Reading this press release together with the recent article in Science "Barometer of Live" I really wonder what these people think. Didn't the target date of Countdown 2010 just pass by? Could we say that within the last eight years the conservation community achieved something really significant towards this clearly ambitious goal? I doubt, and furthermore other competitors came up like the climate change or global financial crisis that use some of the limited resources to be used for the environment.

Now, they either hope that politicians think that this cause is important or that a philanthropist is stepping forwards to pay another 60M USD over the next few years.

I consider our biodiversity conservation a global failure. There are plenty of small initiatives that succeed, but at global level we haven't achieved anything.
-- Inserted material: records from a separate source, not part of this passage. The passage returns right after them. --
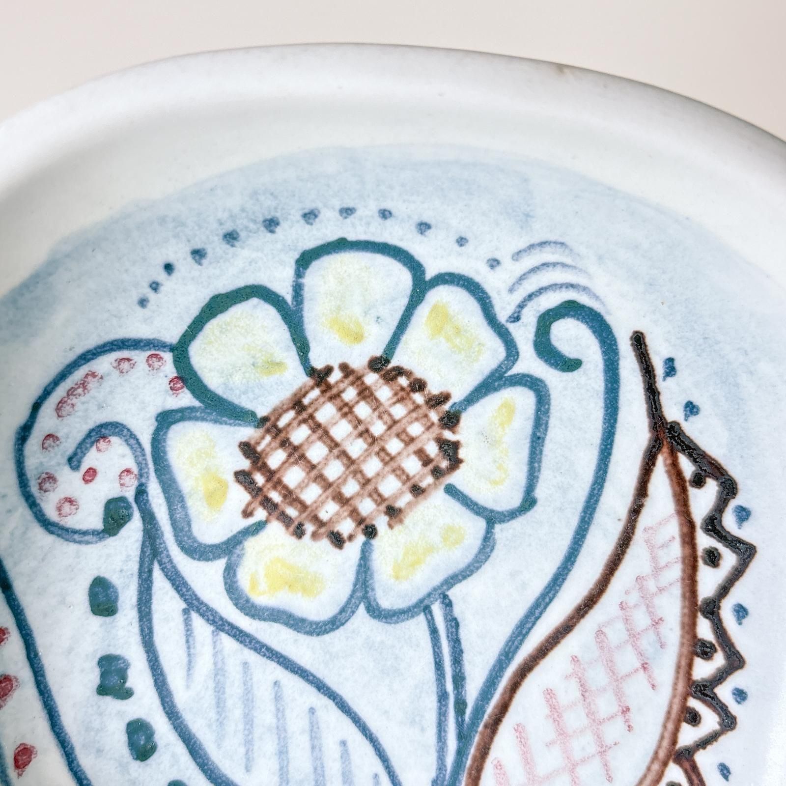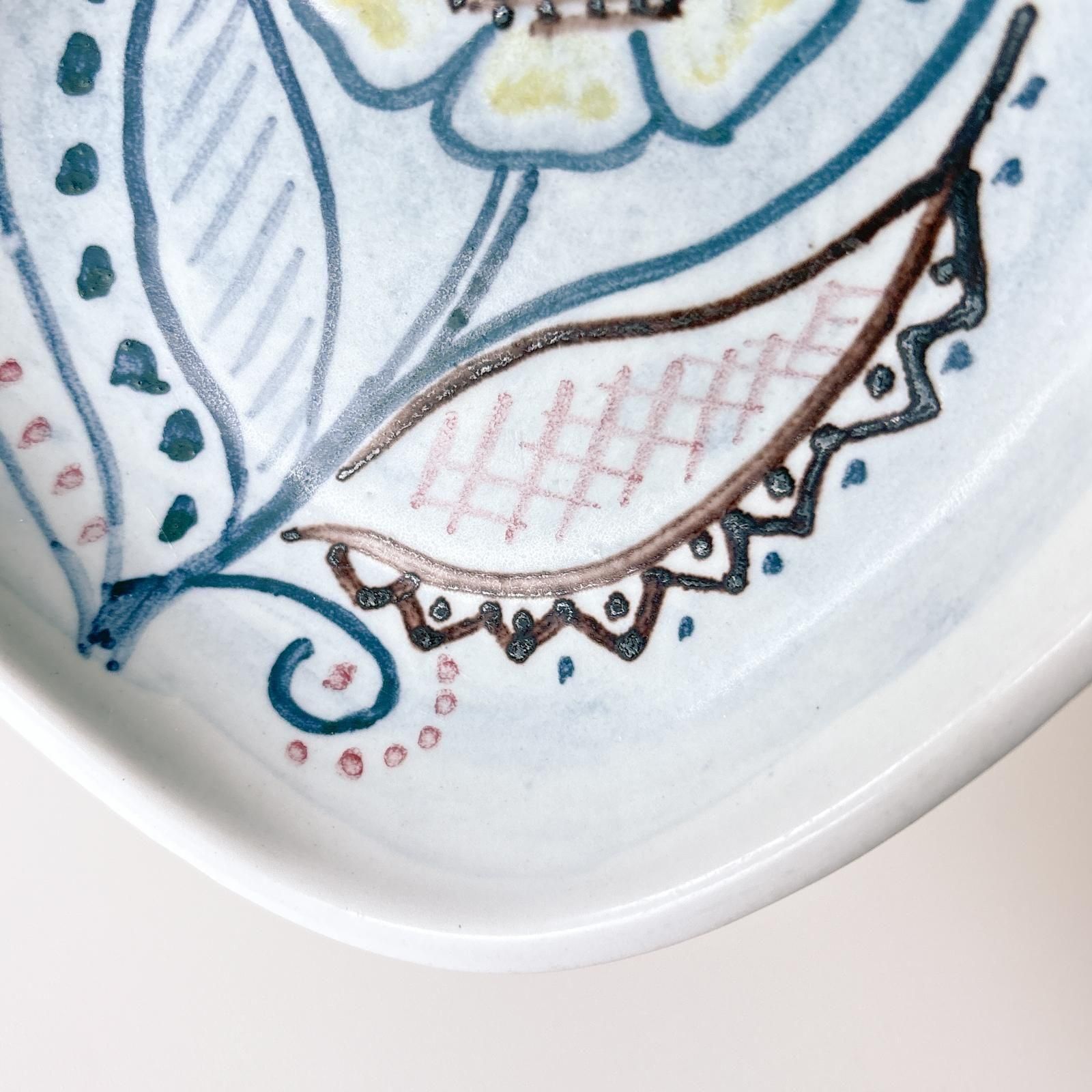 スウェーデン・ロルストランド製のデコレーションプレートです。しっかりと厚みのある14cmの角が丸いプレートに、手描きで植物モチーフが描かれています。色使いや細かな模様に独自性があって、個性的な絵皿に仕上がっています。バックスタンプも手描きでRと王冠3つが入れられています。存在感があるのでそのまま飾ったり、アクセサリーなどのトレーとして使うのもおすすめです。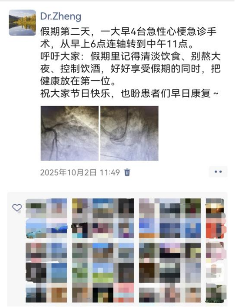 “假期第二天,一大早4台急性心梗急诊手术,从早晨6点连轴转到中午11点。呼吁大家,假期里记得清淡饮食,别熬夜,控制饮酒,好好享受假期的同时,把健康放在第一位……”10月2日中午配资专业炒股配资网站,浙江省人民医院心内科副主任郑浩主任医师发了这样一条朋友圈。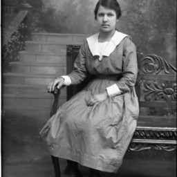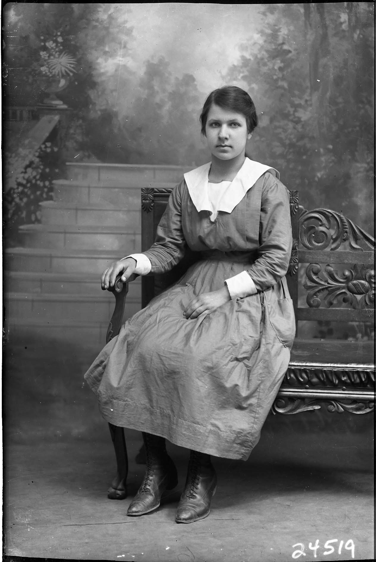 Unidentified woman seated on a bench with her hair pulled back and wearing a dress with white cuffs and collar.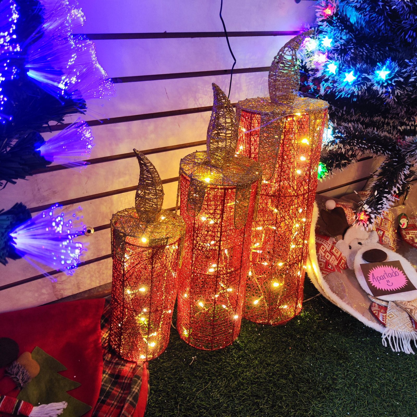 Las luces LED internas distribuidas a lo largo de cada pieza generan un brillo suave ideal para rincones acogedores: junto al árbol, en recibidores, salas, aparadores o escaparates de tienda. Su diseño alto y estilizado luce perfecto en decoraciones clásicas, doradas o modernas.

We still have not even a list of the species of the world, not to speak a global assessment strategy that is living up to modern standards of biodidversiy prospecting and taxonomy.

If such as failure would happen in the industry, heads would have to roll. I think, we need a new generation of leaders that are ingenious, that bring in new approaches, that include the collection of environmental data that can be used and reused; real observation data. That would mean, that we have to talk to each other, we need to build the necessary infrastructure and clever strategies on what we are going to measure, and how we are going to finance it sustainably.

As much as the biodiversity informatics community seems to luck guidance in their development, the conservation community fails the necessary scientific insights to create such a global monitoring program that would stand up to criticism. The funding agencies could steer such an endeavor into the right direction.

Star power obvioulsy is not the way to succeed. We need bold ideas and people with a vision that can be implemented and lives up to scientific rigor. It is, nevertheless the scientific methods and data that have the power to change, not good stories.